2.5. Determination of Glucose Tolerance
Glucose tolerance test was conducted at the endpoint of the dietary intervention. After fasting for 12 h, blood samples were collected to measure fasting blood glucose (FBG) using a blood glucose meter. Each mouse was administered with 0.1 mL of a 10 g/mL glucose solution intragastrically, and blood glucose levels were measured at specific time points to construct the area under the oral glucose tolerance test curve (AUCOGTT).
2.6. Insulin Resistance Test
After a 12 h fast, FBG was measured, and the mice were injected intraperitoneally with 0.75 IU/kg of insulin. Blood glucose was measured at various time points, and the insulin tolerance curve was drawn by calculating the area under the curve.
2.7. Transcriptome Analysis of the Liver
Liver samples were collected, and total RNA was extracted using a Total RNA Extractor Kit (Sangon Company, Shanghai, China) following the manufacturer’s instructions. Qualified samples were sent to Personalbio Technology Co., Ltd. for transcriptome sequencing and bioinformatics analysis.

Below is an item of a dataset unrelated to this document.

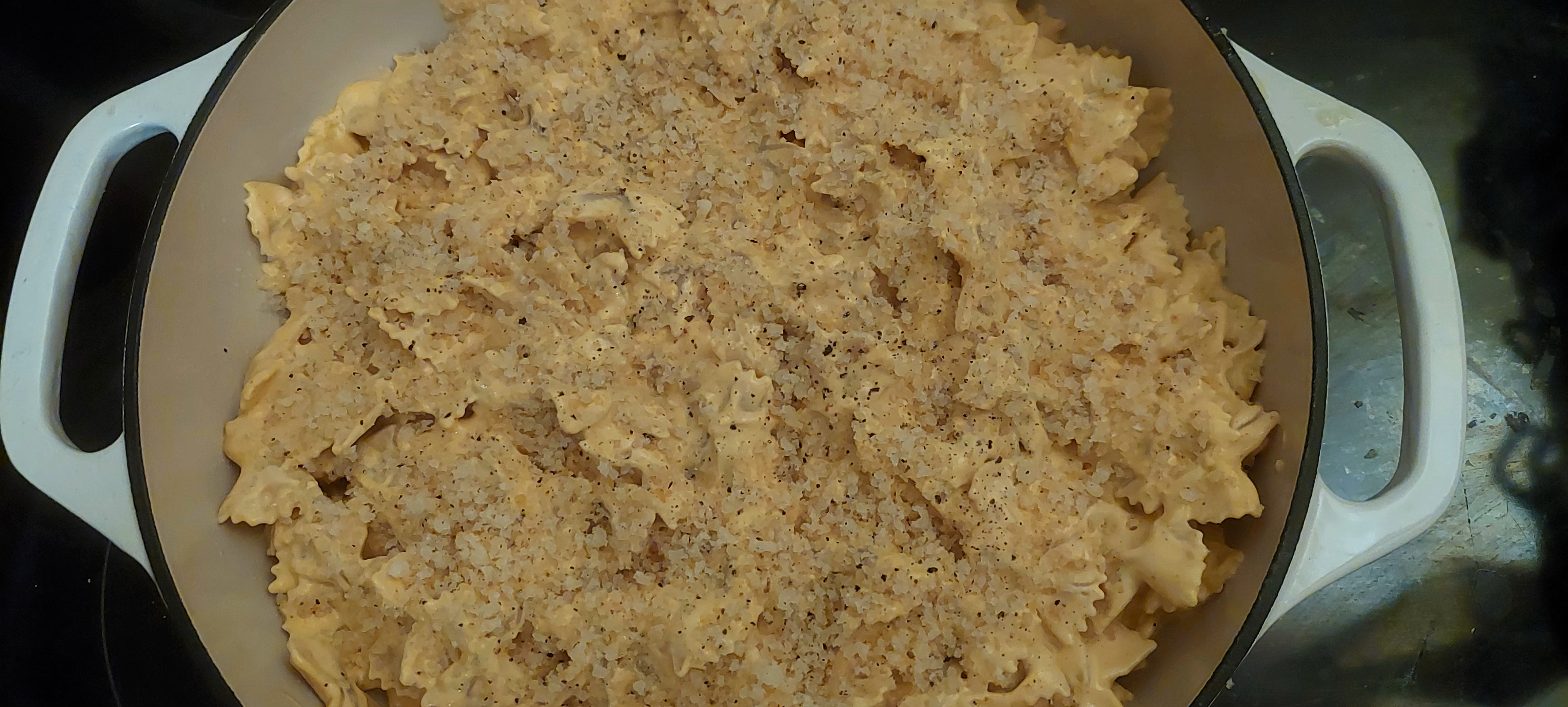 Put the baking pan you’ll be using for the mac & cheese on the stove over medium heat. We used a cast iron enameled casserole with lid. Once warm, add the butter and let it melt. Add the bread crumbs and season well with salt and pepper. Stir and toast until golden. Then, scrape the crumbs into a small bowl and set aside. Leave the pan to cool (no need to wash it).

2.8. The Validation of DEGs Using Quantitative Real-Time PCR
To validate the DEGs, quantitative real-time PCR (qPCR) was conducted with SYBR Green in a Roche LightCycler 96 thermal cycler (Roche, Basel, Switzerland) under the following conditions: 3 min at 95 °C, followed by 40 cycles of 30 s at 92 °C, 20 s at 60 °C and 30 s at 72 °C. Those selected DEGs included IL-6, PCK1, GLUT-2, G6PC, and Insrr. The house keeping gene GAPDH was selected for normalization of cDNA amounts. Four replicates were conducted for each sample, and the 2ΔΔCt method was used to calculate the relative level of gene expression. The primer sequences of genes are listed in Table S2.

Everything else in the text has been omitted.